NEW YORK MILLS, Minn. – April is National Donate Life Month, something that is near and dear to the Koehlers.
    This June, Justin Koehler will be celebrating a decade of a successful kidney transplant. Justin operates a 400-cow dairy with his parents, Roy and Ronda, and brother, Matt, near New York Mills, Minn.
    In 2008, Justin was gearing up for his first kidney transplant after being diagnosed with Membranoproliferative Glomerunlonephritits (MPGN).
    “I knew something was wrong,” Ronda said. “He wasn’t acting like himself.”


MPGN is a disease that affects the filters of the kidneys.
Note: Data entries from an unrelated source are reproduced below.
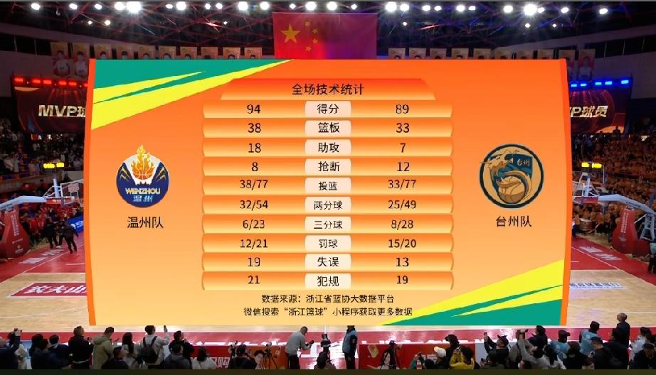 今晚温州vs台州的这场比赛无疑是浙ba开赛以来最精彩的一场比赛,全场94:89的比分也应该是两队总得分最多的一场比赛吧? 特别是两个球队的30号球员:台州队的金子昊和温州队的叶光辉,表现太神勇了。叶光辉是一如既往的牛逼,台州队输就输在叶光辉那最后一记出其不意的三分上。而台州队的30号球员金子昊却是让大家眼前一亮,球队近一半的得分都是他拿到的。据说他还是一位高中生,未来可期啊!!! 今晚台州还有两大主力没有上场,又是在温州的主场,下次两队再次相遇,谁胜谁负还真的不好说!!!
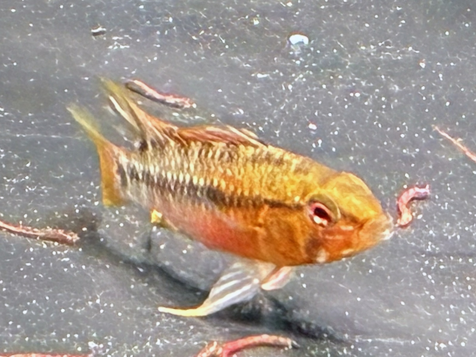 本種は体高のあるがっちりした体型にオスの長く伸びる背鰭の色彩のグラデーションが美しいアピストグラマ♪
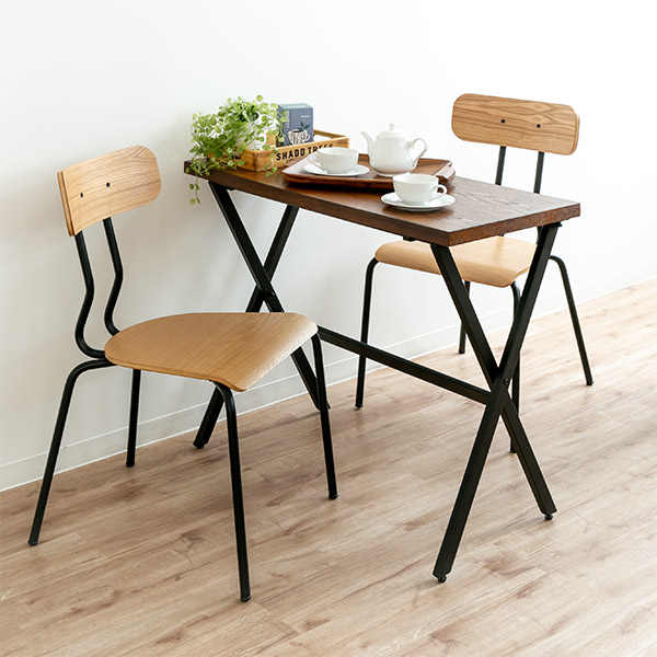 味わい深い木材と店舗什器のようなスチールが使用された、シンプルで美しいデザインが魅力的です。工業製品のような重厚感溢れるスチールが使用された脚部は、細いラインで空間に軽やかなデザイン性をプラスします。

The filters become plugged and could no longer filter waste from the blood.
    When Justin went in for the diagnosis, he had 19% kidney function. Without a transplant, he would lose both his kidneys and need dialysis.  
    Soon after his diagnosis, Ronda was quick to volunteer as a donor. After multiple tests, she was informed she only had one functioning kidney, due to a childhood infection, and was not able to donate to her son.
    That is when Roy decided to be tested.
    “We had to start all over with the testing, and I ended up passing it all,” Roy said.
     With all the boxes checked, Roy and Justin went into surgery.
    “That was a big day,” Ronda said. “It was very emotional.”
    Typically the transplant surgery is more difficult on the donor.
    “I was out for the count,” Roy said. “I couldn’t eat for three days. Everything tasted like battery acid, and I couldn’t sleep comfortably.”
    After three days, Roy felt better. He and his family waited for Justin to be cleared so they could go home.
    Justin was doing well after the surgery, eating and drinking normally.
    Then, five days post-op, Justin lost the kidney.
    “There was a blood clot in a vessel,” Justin said. “They had to bring me back to surgery and remove it so I wouldn’t build up antibodies and the next transplant would work.”


    It was a tough day for everyone involved.
    “The hospital staff all felt really bad, too,” Ronda said. “Even the surgeon. He was very emotional; he had never had a rejection happen before.”
    Family at home was concerned and shared in the Koehlers’ anguish over the failed procedure.
    “I called home crying to my sister and right away she said, ‘Doug’s right here, and he said he’s next,’” Ronda said.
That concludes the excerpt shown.